Anthropic confirmó lo que durante mucho tiempo fue un rumor: está formando un equipo interno para diseñar procesadores hechos a medida para Claude. La revelación, hecha a través de un portavoz el 5 de agosto, marca la primera vez que la empresa reconoce públicamente un programa propio de silicio y cierra un capítulo en el que todos los grandes laboratorios de IA de frontera, salvo uno, ya se habían movido hacia el hardware a medida. OpenAI diseña un chip de inferencia con Broadcom, Google DeepMind opera con las unidades de procesamiento tensorial de Alphabet y Meta impulsa sus aceleradores MTIA hacia la producción. Con el movimiento de Anthropic, todos los grandes laboratorios de frontera comparten ahora la misma convicción: el recurso de cómputo más importante de la década no se puede alquilar para siempre.

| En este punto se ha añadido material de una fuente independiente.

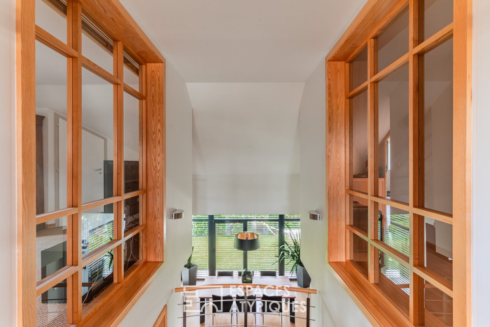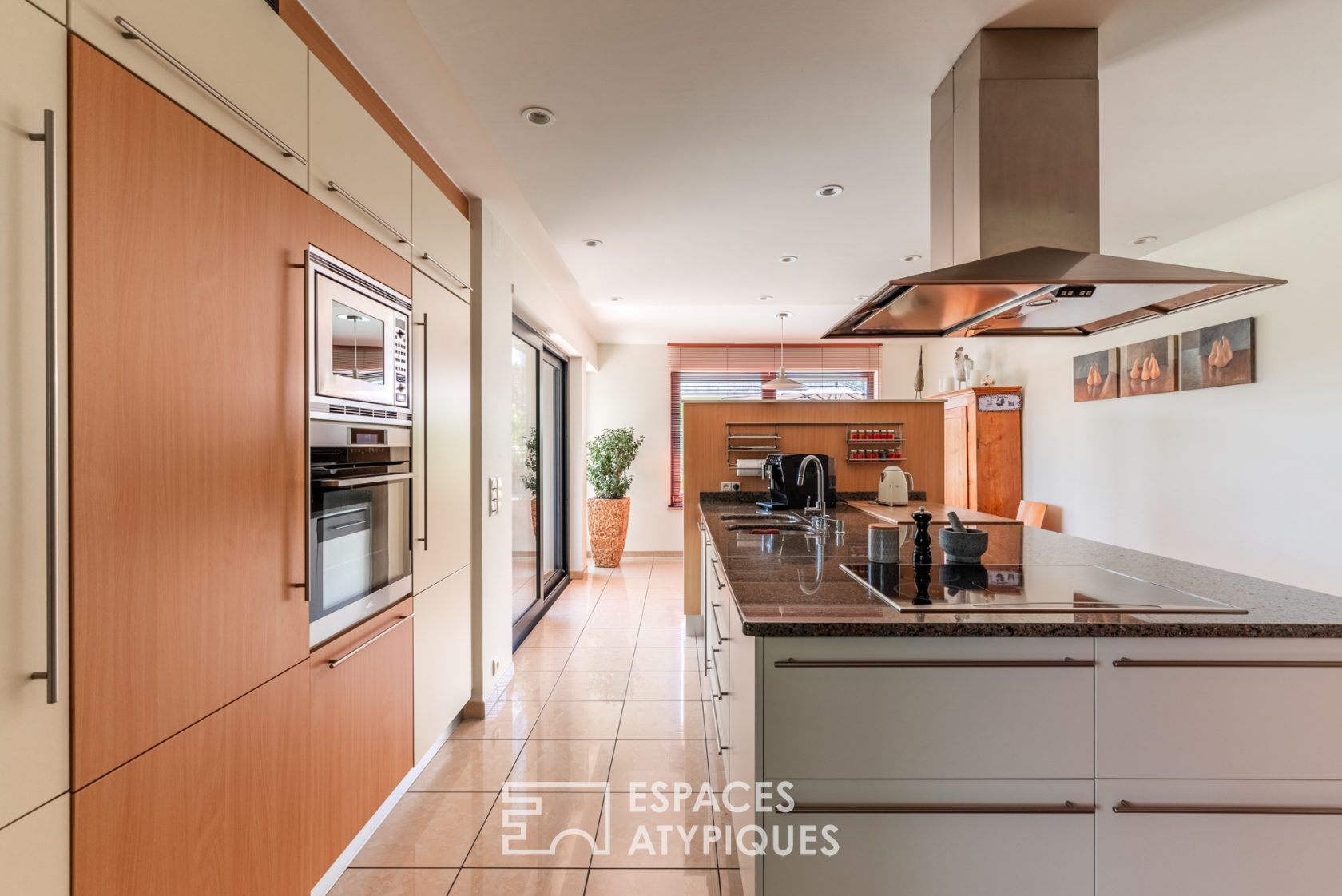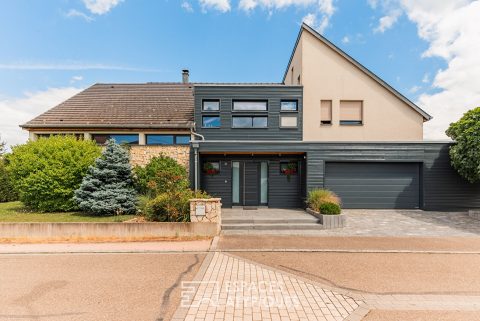 Située à l’écart du centre-ville, tout en restant à proximité de toutes les commodités, cette maison d’architecte de 300 m² construite en 2000 prend place sur une parcelle de 10 ares. Ses généreux volumes aux finitions soignées sauront séduire une famille à la recherche d’un environnement calme et verdoyant.

La evidencia inmediata de la intención está en las ofertas de empleo. Anthropic está contratando para un equipo de silicio a medida, con salarios reportados en el rango de $320.000 a $485.000, y las ofertas son inusualmente directas sobre las expectativas: buscan candidatos con un historial de llevar diseños de semiconductores reales a producción y con el criterio para tomar decisiones de gran calado sin que una gran organización los respalde. La empresa describe el trabajo como codiseño: hardware y modelos desarrollados en conjunto para que Claude responda con rapidez y maneje cargas de trabajo pesadas con mejor eficiencia a medida que la demanda escala. No se ha dado ningún cronograma sobre cuándo llegaría a producción el silicio propio, y nada de esto significa una ruptura con los proveedores actuales. Anthropic tuvo cuidado de enmarcar el esfuerzo como una extensión de su estrategia actual de múltiples chips, con AWS, Google, Nvidia y AMD continuando como proveedores de la mayor parte de su capacidad de cómputo. Reportes de The Information del mes pasado también situaron a Samsung en conversaciones iniciales como posible socio de fabricación.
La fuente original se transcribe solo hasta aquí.